Pero la explotación del fosfato cambió a Nauru para siempre. Ya en 1903, la nueva industria supuso un enorme auge económico a la isla, el que creció aún más a partir de su independencia en 1968. Nauru, en esos años, fue uno de los países más ricos del mundo gracias al fosfato, al punto de que ninguno de los habitantes de la isla necesitaba trabajar: el Estado, muy rico, subvencionaba todo. Nadie debía, siquiera, pagar impuestos.

Pero nada dura para siempre, dicen. Y las décadas de explotación minera pronto le pasaron la cuenta a la isla. Sus suelos estaban erosionados, no crecían más peces en la laguna. Como aún tenían dinero, comenzaron a importar su comida, toda esta procesada. La dieta de la pequeña isla de Nauru, tierra que llegó a tener uno de los PIB más altos del mundo, cambió de una basada en pescado y vegetales a una compuesta casi exclusivamente de comida ultraprocesada, baja en fibra, rica en grasas y azúcar. Para más remate, a fines de los noventa el fosfato se agotó, dejándolos solo con suelos degradados. Fue solo entonces cuando los líderes de la isla cayeron en cuenta de que habían tomado muy malas decisiones, especialmente sobre cómo invertir su dinero. La corrupción hizo el resto: el país estaba en bancarrota.

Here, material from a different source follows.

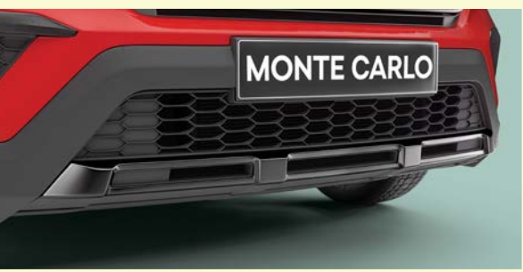
Glossy Black Front Diffuser
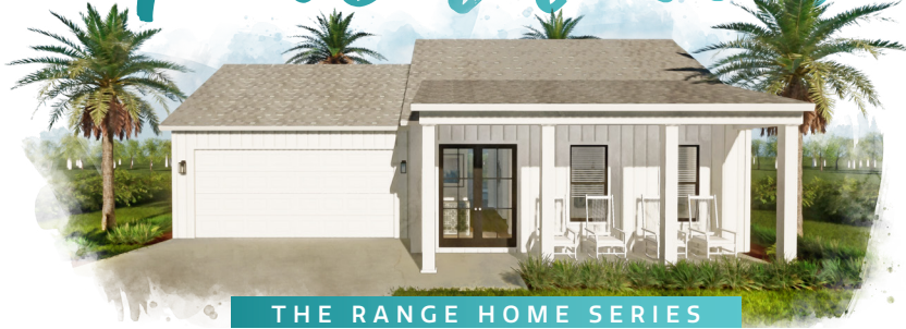
THE RANGE HOME SERIES

3 bed | 2 bath | 2 car garage | 3059 total sq. ft. | 2062 sq. ft. under air

Actualmente, los habitantes de Nauru se encuentran entre los más obesos del mundo: datos de la Federación Mundial de la Obesidad indican que el 56% de los hombres y el 61% de las mujeres de la isla son obesos. Asimismo, la tasa de diabetes de tipo 2 entre su población es de las más altas que existen alrededor del planeta. Como se ve, debido a una irresponsable explotación del fosfato y a la falta de planificación, la isla de Nauru quedó ecológicamente destruida y sus habitantes pobres, obesos y enfermos.

De todas formas, para nuestra tranquilidad, hoy en día los fósforos que cada uno de nosotros tiene en su casa no llevan —ah, la paradoja— fósforo; este elemento se encuentra solo en el raspador, que lleva fósforo rojo, una forma más estable y no tóxica de tal elemento.